Вагончик качало на сугробах, как лодку. Лодка шла покойно, и снежное море не стукалось в ее борта. Кончилась, видно, метель. Коля подложил под голову охапку соломы, и запахло от нее спелой рожью, деревенским детством, и захотелось в нее лицом окунуться, надышаться. Парень подмигнул ему, но Коля закрыл глаза, вспомнив, как с Ниной Панкратовой спорил о счастье. И лицо у него запылало. Он лег на солому вниз лицом и стал про себя сочинять статью о Нине. И когда приехал в район, статья была совсем готова. Было в ней и о синих колокольчиках. И это место особенно нравилось Коле. Но когда он хотел на листах ее записать, то опять стало стыдно. Вдруг люди скажут, что он мужество свое показывает, ведь от первой же любви отрекается, а это сможет не каждый. И Коля выбросил в статье все о синих колокольчиках и о том, что три дня гостил у Нины. Пусть никто о его мужестве не догадается. А он станет от этого крепче, чтоб родиться второй раз на земле.

ОГОРЧЕНИЕ

На крыльце сидел Семен Расторгуев с внуком. Старик был худ, костляв, будто сох на корню. Внука звали Коля. Он уже ходил в школу, но рост имел маленький, зато лоб — большой и круглый, как у бычка. И сам тоже походил на бычка — коротконогий и толстый, и очень любил бегать на четвереньках.

В ограде тюкал топором Павел, отец Коли. Он строил баню. Она была почти готова: потолок настелен, землей засыпан, и каменка сложена, осталось на крыше прибить два ряда досок. Павел с утра, довольный собой, мурлыкал под нос: «Ух, ты! Ах, ты-ы! Все мы космонавты…» И опять сначала: «Ух, ты! Ах, ты-ы!..»

Коле скучно, он поднялся на четвереньки и зарычал на старика. Тот кашлянул:

— Будет тебе.

Коля подставил ему кукиш, старик не видит. Он уже давно не видит ни сына, ни снохи, ни внука, глаза устали жить и потухли. Но слышит Семен хорошо.

— Как банька, Паша? — Ему хочется подольше поговорить с сыном, но боится его огорчить: тот работает, а под руку грех кричать. Сын кончил петь.

— Готовь рубаху, Семен Петрович.
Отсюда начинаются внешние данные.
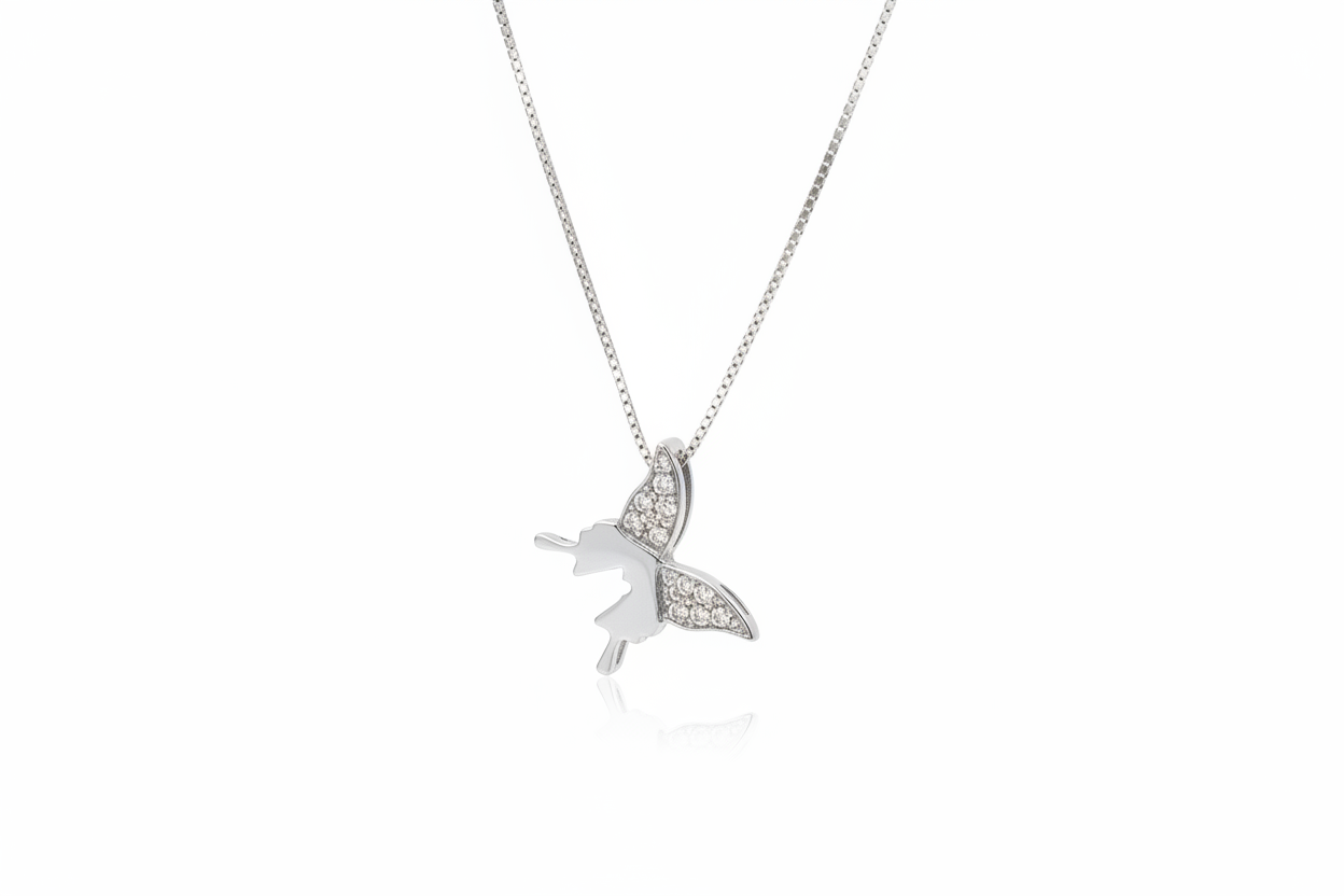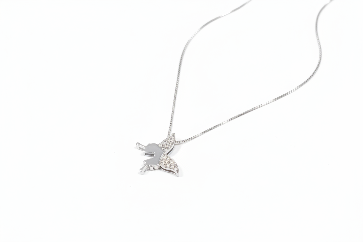 Ciondolo oro bianco 18 carati a forma di Farfalla con Pavè di Diamanti ct. 0.07

Вечерком поскребем тебя.

— Вечерком?

— А чо резину тянуть? В первый жар и пойдешь.

— Пойду! — радуется Семен и тянется ладонью к внуку. Но Коля увертывается, потом вздрагивает, услыхав шаги. На крыльцо выходит высокая спокойная женщина. Коля становится на четвереньки, лает и зубами тянет подол ее короткого платья. Платье высоко задирается, и Павел глядит искоса на круглые матовые коленки жены и опять начинает петь: «Ух, ты! Да ах, ты!»

— О чем поешь, Паша? — смеется женщина, заслоняясь рукой от солнца и забывая поправить платье. Но муж посерьезнел и сказал громким голосом:

— Валя, ему рубаху готовь!

— Будет сделано. — Она сразу понимает, о чем сказал муж, но еще долго не уходит с крыльца и вдруг зовет Павла купаться.

Но тот опять хмур:

— Видишь, дела…

Женщина грустно поправляет платье, успевая потрогать ладонью круглую белую голову сына. Павел громче затюкал, чтоб отогнать от себя лишние мысли.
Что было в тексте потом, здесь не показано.